*kelainefe/s: melanonefe/s.
The headword is neuter nominative/accusative singular of this adjective, an Homeric epithet. It was generally taken in antiquity, as here, to be a compound from the colour-adjective
kelaino/s, 'black, murky' (see
kappa 1286,
kappa 1285,
kappa 1287,
kappa 1288) and
ne/fos ‘cloud’. See chiefly a scholion to
Homer,
Iliad 2.412, and cf. (e.g.) scholion D to
Iliad 1.397 (cf. ad loc., schol. P.Köln inv.2281);
Eustathius On the Odyssey 1.398.14ff.;
Hesychius kappa2131 =
Anecdota Oxoniensia 1.234.25;
Etymologicum Magnum 501.44. Under this theory, a hypothetical *
kelainonefh/s has lost an unaccented syllable (
Etym.Magn. 501.50ff.) through haplology or syllable-loss through dissimilation (Schwyzer,
Gr.Gr. 1. pp.262-633). But Schwyzer himself is unconvinced by this theory and prefers to derive the adjective from an element
kelai- (1. pp.447 n.3, 448 Zusatz 2).
It is used in
Homer in two senses only (see Führer below), of Zeus, often when invoked in prayer, and of blood (cf. the use of
kelaino/n,
kappa 1285). It is appropriate to the "cloud-gathering" god of thunder and lightning, and there is no doubt that
Homer associates it with storm clouds. But it is open to discussion that the correct etymology has a first element of two short syllables (cf. Dyer below 122-23), giving rise, for example, to *
kelenefh/s (‘who commands, moves, speeds the clouds’, first suggested by B. Reiske,
Comm. ad Const. Porphyrogen, Bonn 1830, 2.604, on
de Cerem. 2.302a), suitable to the lyric metres of prayer but impossible in the hexameter or elegiac metres and requiring lengthening of the second syllable. [Dyer suggests an effect from the laryngeal often posited before
ne/fos.]
Of blood (
Hesychius kappa2132), the epithet appears little more than a convenient metrical alternative to
kelaino/n; cf. Leaf in his edition on
Iliad 2.412, "the significance of the second element having been lost." Hainsworth cites it as an example of "modification" (58f.), where "the poet desires to use a certain formulaic word association" (61). The blood that wells from a cut artery may evoke the ominous blackness of storm clouds or clotted blood (cf. schol.
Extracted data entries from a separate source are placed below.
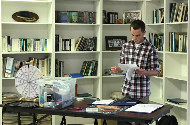 In Summer 2017, Jack Novack (pictured above) helped to design "Seafood Science and Aquaculture Lesson Plans" with NYSG Seafood Specialist Michael Ciaramella. Novack served as a NYSG intern funded through Cornell Cooperative Extension. Credit: Jack Novack, Michael Ciaramella/NYSG.
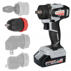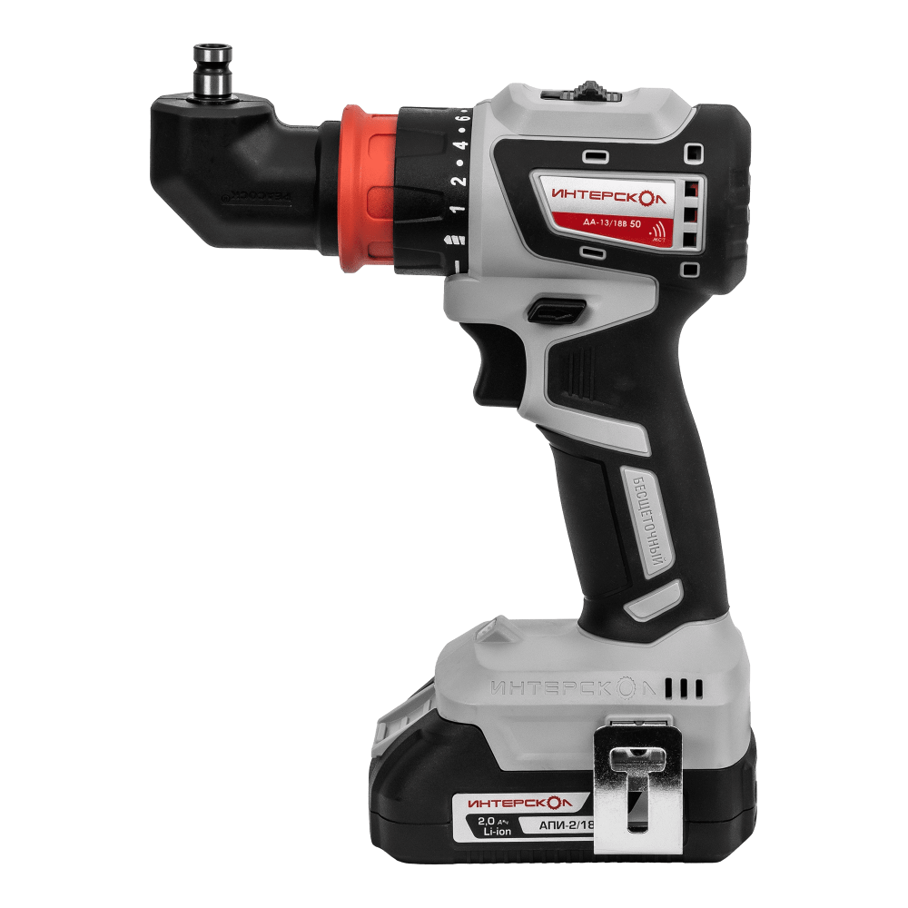Сверлильный патрон съемный, в шпинделе гнездо ¼” с магнитным креплением. Машина может работать, дополнительно, с тремя насадками:эксцентриковой, для работы вплотную в углахугловойнасадкой с механическим зажимом для хвостовиков HEX ¼”На угловую насадку может быть установлен патрон или насадка для механического крепления бит.Использование вентильного бесщеточного двигателя с цифровым управлением позволило получить энергетические характеристики машины, значительно превосходящие характеристики не только аккумуляторных машин с коллекторным приводом, но и сетевых аналогов, за счет более высокого КПД (выше на 30%). Это позволяет выполнять больше работы на одном заряде и таким образом экономить ресурс работы аккумуляторного блока.
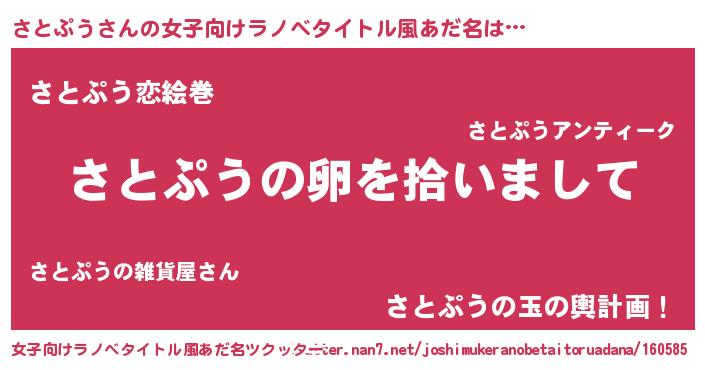 | 男性向けラノベタイトル風あだ名 | 『ダンジョンにさとぷうを求めるのは間違っているだろうか』 |
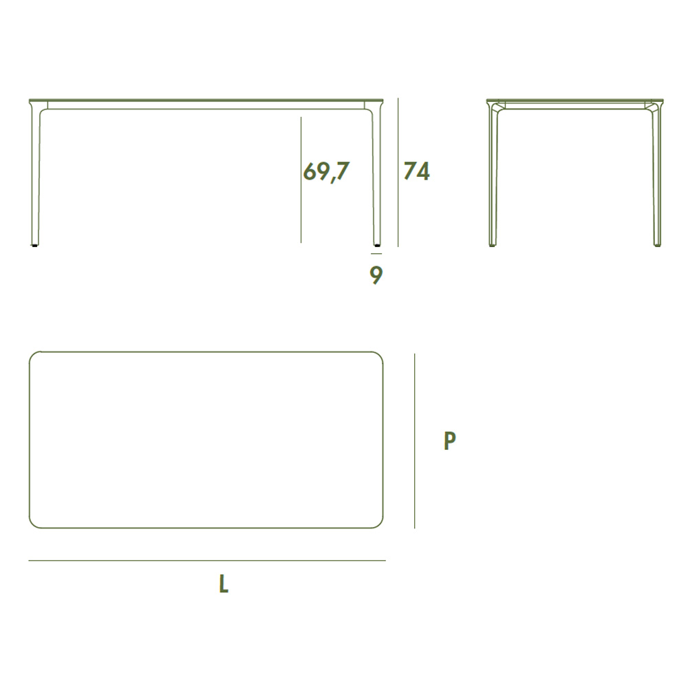 La versátil colección de mesas para exterior, Slim está reconocida por su diseño y tecnología, e introduce una nueva forma de interpretar el mobiliario de diseño para exterior, haciéndolos distintivos y funcionales gracias a su estilo minimalista y a los finos acabados ofrecidos. Su sobre rectangular está hecho de cerámica y la estructura de aluminio.
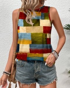 Camiseta de tirantes de cuello redondo para verano con bloqueo de color casual
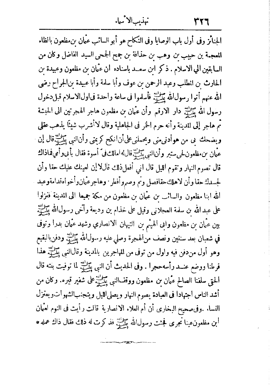 ذكر ابن سعد بإسناده أن عثمان بن مظعون، وعبيدة بن الحارث بن المطلب، وعبد الرحمن بن عوف، وأبا سلمة، وأبا عبيدة بن الجراح، رضى الله عنهم، أتوا رسول الله - صَلَّى اللهُ عَلَيْهِ وَسَلَّمَ - فأسلموا فى ساعة واحدة فى أول الإسلام قبل دخول رسول الله - صَلَّى اللهُ عَلَيْهِ وَسَلَّمَ - دار الأرقم، وأن عثمان بن مظعون هاجر الهجرتين إلى الحبشة، ثم هاجر إلى المدينة، وأنه حرَّم الخمر فى الجاهلية، وقال: لا أشرب شيئًا يُذهب عقلى ويُضحك بى مَن هو أدنى منى، ويحملنى على أن أنكح كريمتى، وأن النبى - صَلَّى اللهُ عَلَيْهِ وَسَلَّمَ - قال: “إن عثمان بن مظعون لحى ستير” (¬1) ، وأن النبى - صَلَّى اللهُ عَلَيْهِ وَسَلَّمَ - قال له: “أما لك فىّ أسوة؟ ” (¬2) ، فقال: بأبى وأمى، فما ذاك؟ قال: “تصوم النهار وتقوم الليل”، قال: إنى أفعل ذلك، قال: “لا إن لعينك عليك حقًا، وإن لجسدك حقًا، وإن لأهلك حقًا، فصل ونم، وصم وأفطر” (¬3) .
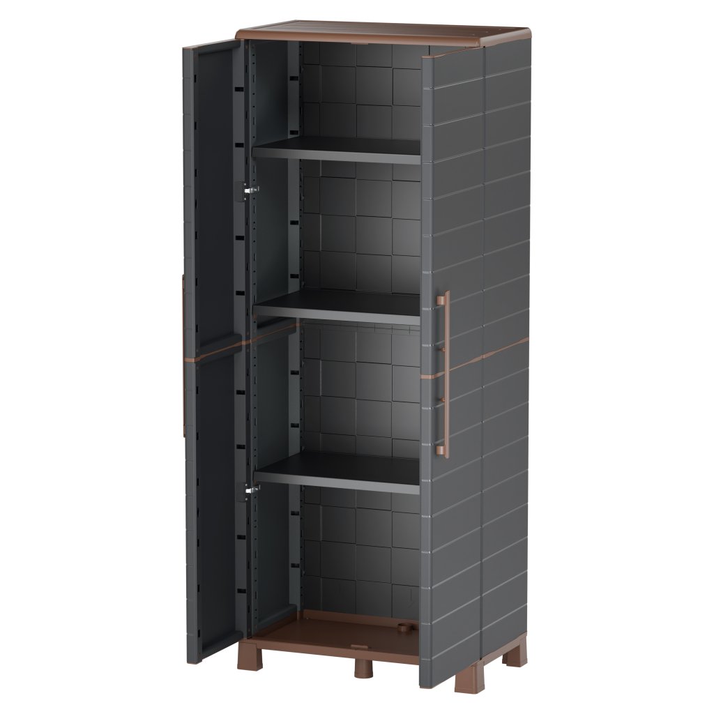 Vysoká plastová skříň PORTOFINO P70/TP je ideální pro efektivní využití vertikálního prostoru. Hodí se do garáží, technických místností, prádelny, sklepa nebo na kryté terasy.
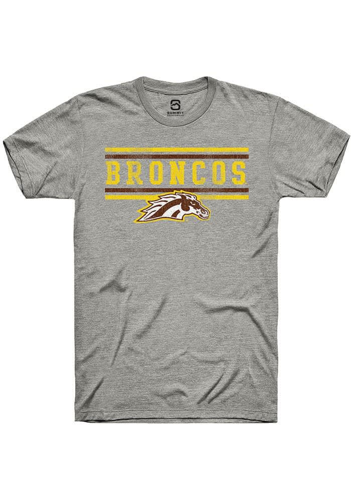 Show off your team pride in this Western Michigan Broncos Grey Bars Short Sleeve T Shirt! This WMU Broncos Short Sleeve Tee features a digitally printed graphic. Make sure everyone knows you root for the Broncos with this Grey WMU Broncos T Shirt. Go Broncos!
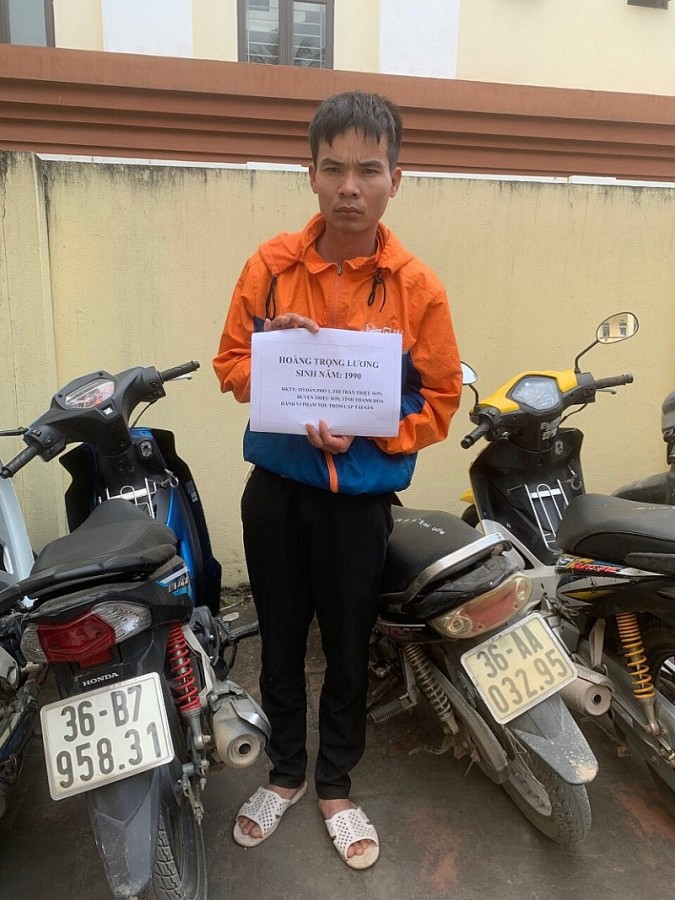 Chỉ sau 2 ngày điều tra, xác minh, Công an huyện Triệu Sơn đã điều tra, làm rõ và bắt giữ đối tượng Hoàng Trọng Lương, chính là thủ phạm gây ra 3 vụ trộm cắp xe máy nói trên.
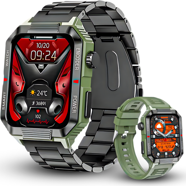 Чоловічий смарт-годинник з HD-дисплеєм та функціями контролю здоров'я, з 2 ремінцями
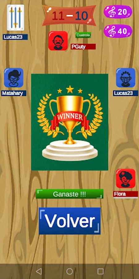 The game is won by the pair that gets the 11 starting points first. It must be won with exactly 11 points, therefore, if a pair has, for example, 8 points, a fifth or four cannot be played, but only one. The only exception of exceeding 11 points is when the points come from the opposing pair (for losing only one, four ...).
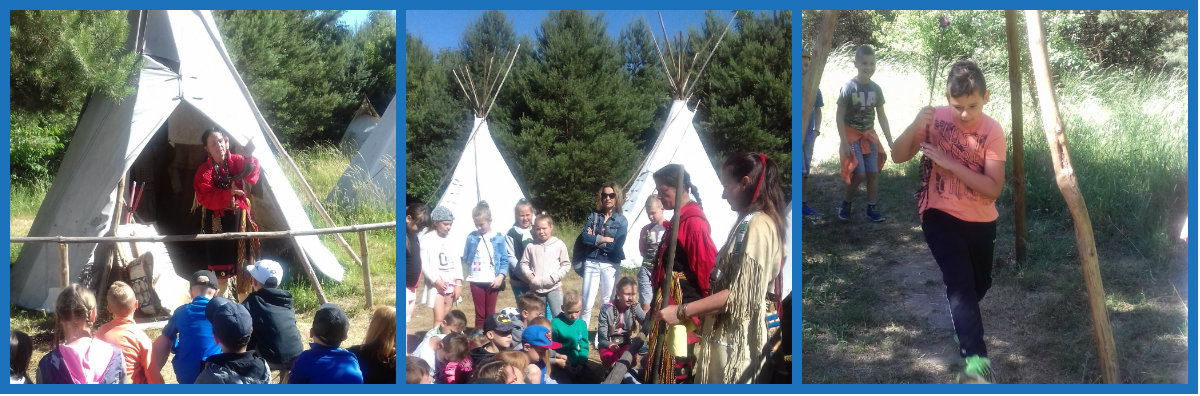 06.06.2018 dwie klasy - IIIC i IIID wybrały się na wycieczkę do wioski indiańskiej w Łopuchówku. Dzieci miały okazję poznać kulturę Indian: zabawy, zwyczaje, przedmioty użytkowe wykorzystywane przez Indian. Zabawy ruchowe, sprawnościowe, pieczenie kiełbasek na ognisku, a także zakup różnych pamiątek, przede wszystkim łuków, sprawiły dzieciom dużo radości.
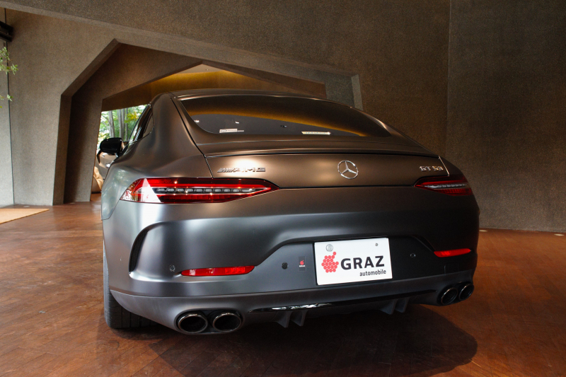 【契約御礼】2020年  Mercedes-AMG  GT 53 4-Door Coupe 4MATIC+(ISG搭載モデル)   グラファイトグレーマグノ × ブラック  左ハンドル  ディーラー車  ワンオーナー マットブラックペイント21インチAMG5ツインスポークアルミホイール AMGエクステリアナイトパッケージ AMGスピードシフトTCT AMG RIDE CONTROL+エアサスペンション AMGダイナミックプラスパッケージ AMGリア・アクスルステアリング AMGパフォーマンスステアリング AMG強化ブレーキシステム AMGイエローブレーキキャリパー AMGパフォーマンスシート 電子制御AMGリミテッド・スリップ・デフ 大径フロントブレーキローター AMG DYNAMIC SELECT「RACE」(ドリフトモード付) AMGドライブコントロールスイッチ AMGパフォーマンスエグゾーストシステム レーダーセーフティパッケージ パノラミックルーフ フルレザー仕様(ナッパレザー、ダイヤモンドステッチ入) ナッパレザーダッシュボード レザーDINAMICAルーフライナー ヘッドアップディスプレイ エアバランスパッケージ シートヒーター シートベンチレーター AMGイルミネーテッドステップカバー クライメートコントロール 可変式リアスポイラー  Burmesterサラウンドサウンドシステム アンビエントライト ドラレコ レーダー ETC
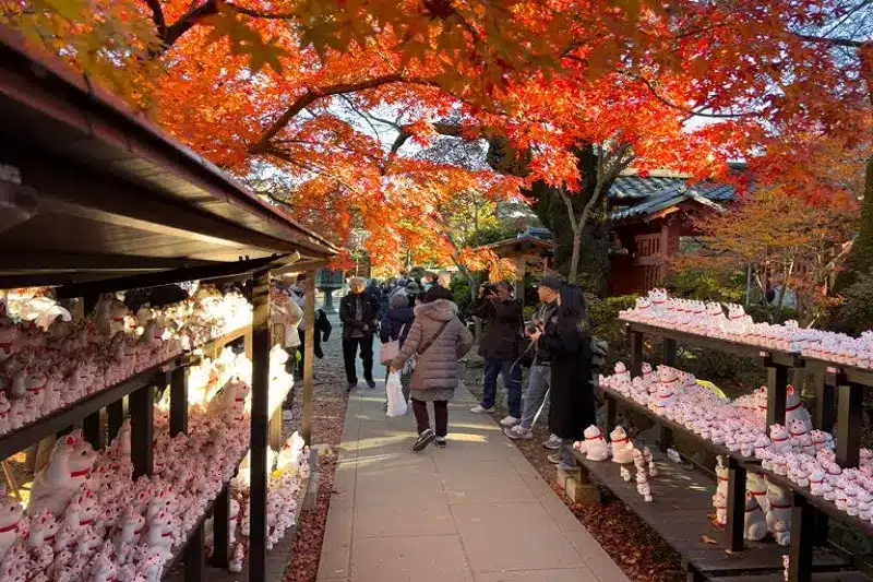 In Setagaya, away from the centre, stands Gotokuji Temple, considered the birthplace of the maneki neko, or beckoning cat figurine. The temple grounds are calm and shaded. A corner of the complex is filled with hundreds of white cats with raised paws placed by visitors wishing for good fortune. Aside from the famous cats, the temple’s wooden pagoda and stone lanterns provide a peaceful setting. Visitors can purchase a small figurine to take home as a memory of their wish.
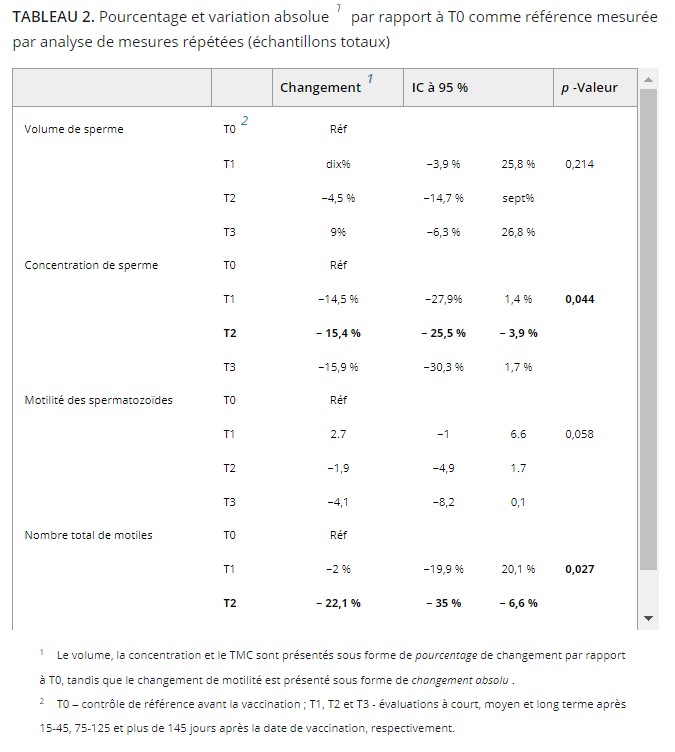 Cette publication faisait état d’une altération passagère de la qualité du sperme post-vaccination. https://onlinelibrary.wiley.com/doi/10.1111/andr.13209… Une lecture attentive révèle que la moyenne de spermatozoïdes ne réaugmente pas, seule la variance augmente
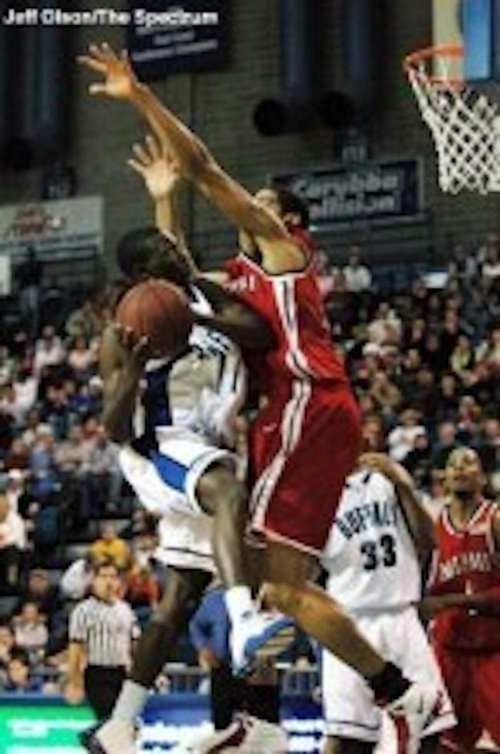 The Bulls appeared as though they were playing right to Niagara's strengths, as they continually sent Mendez to the line and took a large number of forced shots from the outside. Buffalo seemed unable to penetrate Niagara's zone defense, but in the end Mark Bortz was able to take control of the Bulls' offense and put in 32 points of his own.
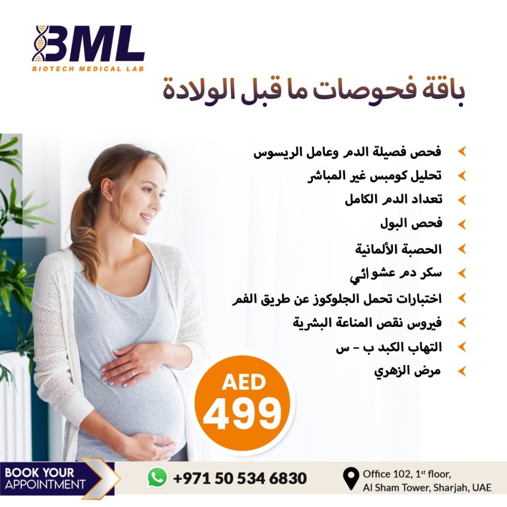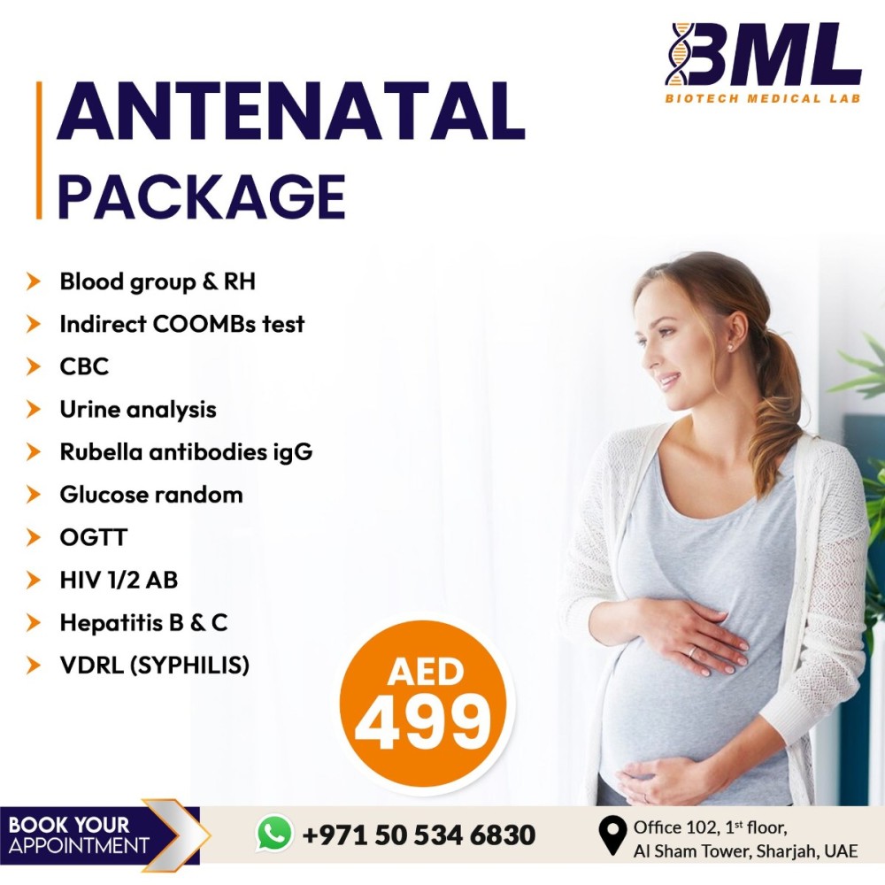Embarking on the journey of pregnancy? Safeguard the well-being of both you and your baby with BML's Antenatal Package, specifically designed to identify potential complications arising from blood incompatibilities, antibodies, and Rh factors. Trust the most experienced and trusted medical lab in Sharjah for comprehensive antenatal blood tests, priced at just 499 AED.
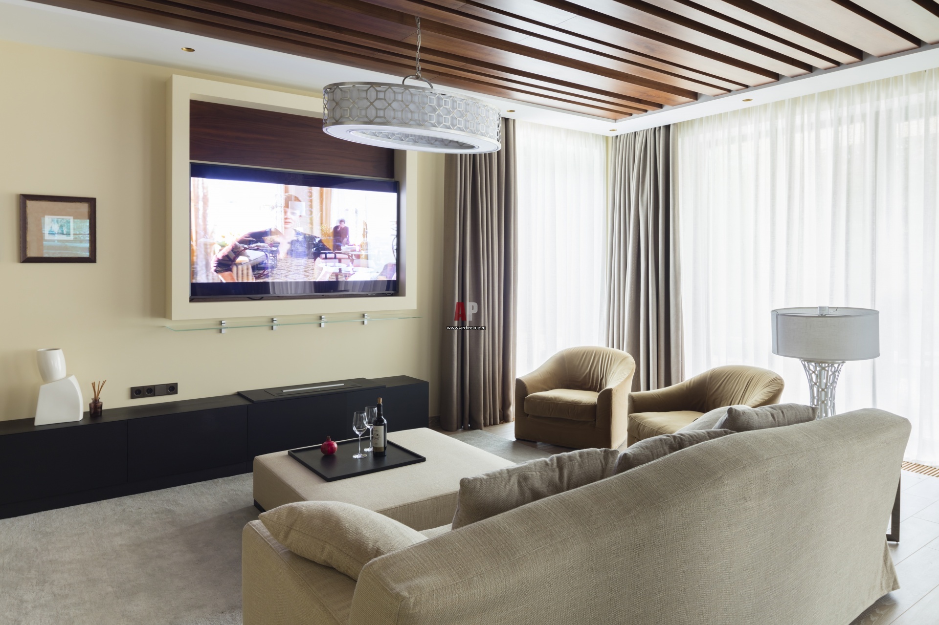 Мягкая группа в общей гостиной. Пол всего первого этажа выложен плиткой с фактурой деревянной доски.
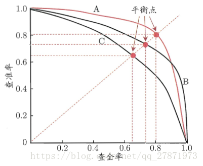 3,性能度量 (1)查准率precision,查全率recall TP:正确地标记为正,即算法预测它为好西瓜,这个西瓜真实情况也是好西瓜(双重肯定是肯定); FP:错误地标记为正,即算法预测它是好西瓜,但这个西瓜真实情况是坏西瓜; FN:错误地标记为负,即算法预测为坏西瓜,(F算法预测的不对)但这个西瓜真实情况是好西瓜(双重否定也是肯定); TN:正确地标记为负,即算法标记为坏西瓜,(T算法预测的正确)这个西瓜真实情况是坏西瓜。  (2)二者的关系(矛盾) P-R曲线  性能:A>B>C
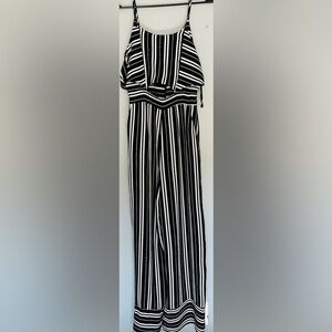Very J Black White Striped Jumpsuit S Keyhole
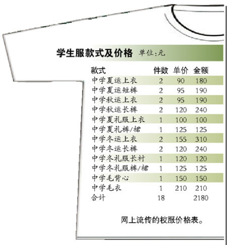 通知显示,该校服由深圳市思贝特服饰有限公司制作。记者致电该公司一名孙姓经理,孙经理证实,该公司确实帮东莞外国语学校制作了一批校服,全套需2180元也是事实。同时,孙经理表示,单价、面料、质地、款式等都是按照东莞市统一招标要求去做的。“单价不是跟学校签,也不是我们单方面定,是按照教育局2014年的招标文件执行的。”

Iliad 4.140, "black as a cloud"; cf. 5.798). Neuberger-Donath makes an eloquent case that, in the three instances in the
Iliad where cloud-black blood is washed or wiped away (5.798, 14.437, 16.667), the ominous adjective precedes the noun; in the other instance (21.167) the adjective follows the noun and proleptically reminds us of danger in the blood gushing from the wound. In
Odyssey 11 it is used twice (36, 153) of the darkening and sinister sheep's blood offered to (and drunk by) the shades. She favours retaining in translation the word association with Zeus of the black clouds. [More prosaically, Leumann and Adrados advanced the theory that
Homer had mis-divided a traditional line where the adjective properly belonged to Zeus or Apollo and taken it erroneously with "blood."]
In this way we see something of
Homer's poetic use of ambiguous word-associations (see
alphaiota 253 and Dyer 126-27). The single word in
Homer probably derives from different sources but becomes a useful tool in the poet’s craft.
The word is used after
Homer primarily in the Hesiodic
Shield and the
Homeric Hymns, often in the formula
kelainefe/ï *Kroni/wni.
Pindar uses it twice of Zeus (
Paean fr. 52f = 6.55; 52m.9) and twice innovatively:
Pythian 4.52, of the plains of Cyrene, both fertile and loved by Zeus; fr. Hyporch. 108b.3, bizarrely, of darkness.
F. Adrados, in Emerita 19 (1951) 320
R.R. Dyer, "On describing some Homeric glosses," Glotta 42 (1964) 121-27
R. Führer, kelainefh/s, kelaino/s, in Lexikon des frühgriechischen Epos 2.1369-70
J.B. Hainsworth, The Flexibility of the Homeric Formula (Oxford, 1968) 63 n.5
M. Leumann, Homerische Wörter (Bonn, 1950) 202ff.